Холопы с веселым гиканьем опять понеслись вперед, распугивая прохожих и всадников, вынуждая их прижиматься к заборам, загоняя на перекрестках поздние возки и телеги обратно в проулки. Боярин с князем скакали следом, саженях в десяти, посередь улицы, ни о чем особо не беспокоясь. Для них улица была безлюдна и совершенно свободна.

За третьим поворотом открылась мощеная, чисто вымытая – без обычных даже для русских городов конских катышей и коровьих лепешек – улица. По правую руку от самого угла шел новенький тын из полуохватных бревен, ворота висели на длинных железных полосах, часто пробитых медными клепками.
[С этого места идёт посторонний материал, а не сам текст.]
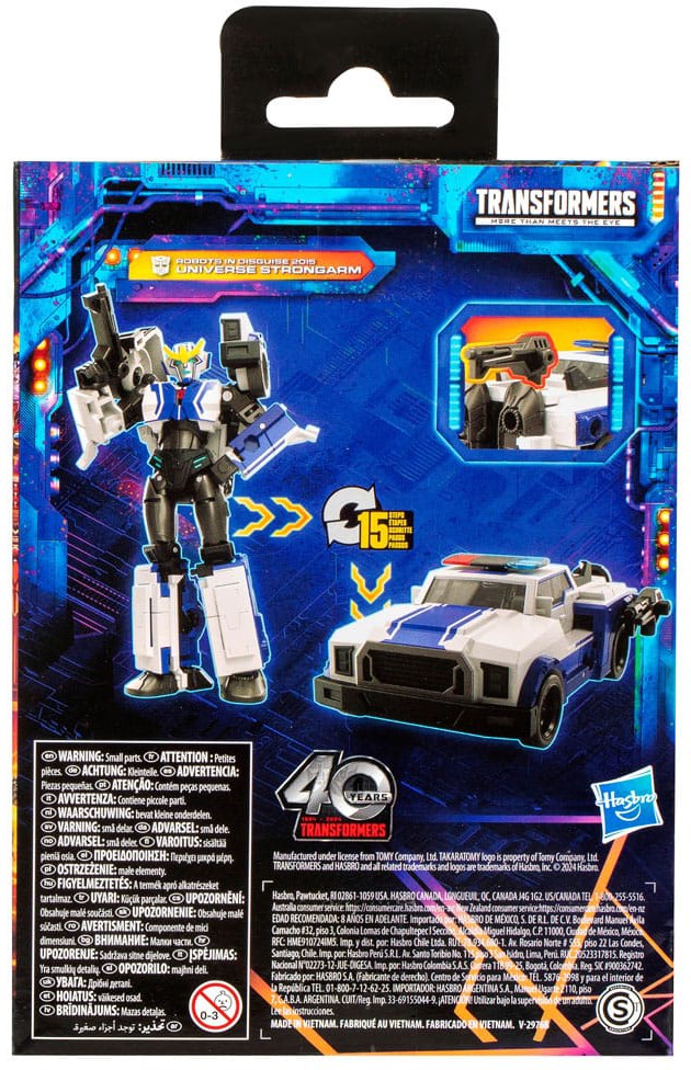 Unite your favorite characters from across the world of Transformers robots into your collection with the Transformers Legacy United Deluxe Class Robots in Disguise 2015 Universe Strongarm action figure! This 5.5-inch Robots in Disguise 2015 Universe Strongarm action figure converts between robot and police SUV modes in 15 steps. Gear up for battle with the included blaster and police siren accessories. The Robots in Disguise 2015 Universe Strongarm figure is inspired by the character from the Transformers: Robots in Disguise animated series and features articulated head, arms, and legs for awesome action poses. Celebrate the last 40 years of Transformers history with Transformers Legacy action figures. Transformers Legacy opens the portal to a whole new universe of - More Than Meets the Eye - bringing together every Transformers generation like you've never seen before. Collect and combine different characters to create your ideal Legacy lineup.

Поверх, как в архиепископских и церковных подворьях, возвышались крытые резной деревянной чешуей луковки с образами пока неизвестных Звереву святых. Двор Кошкина уже никак не походил на недавний «приют худородных», как окрестил его всего два лета назад Федор Друцкий. Не всякий князь мог похвастаться подобными воротами. А уж про бояр – лучше и не заикаться.

Когда внутри Андрей увидел деревянную мостовую и побеленные хлева и конюшни – он уже особо и не удивился. Красиво жить не запретишь, и родившийся в нищете – относительной, конечно – Иван Юрьевич явно отрывался по полной программе. Просто уму непостижимо: неужели у дьяка царского такое огромное жалованье? Тут не гривнами и кошелями расходы измерялись, тут серебро в пудах отвешивать пришлось.

11

Достоверно – с IX века.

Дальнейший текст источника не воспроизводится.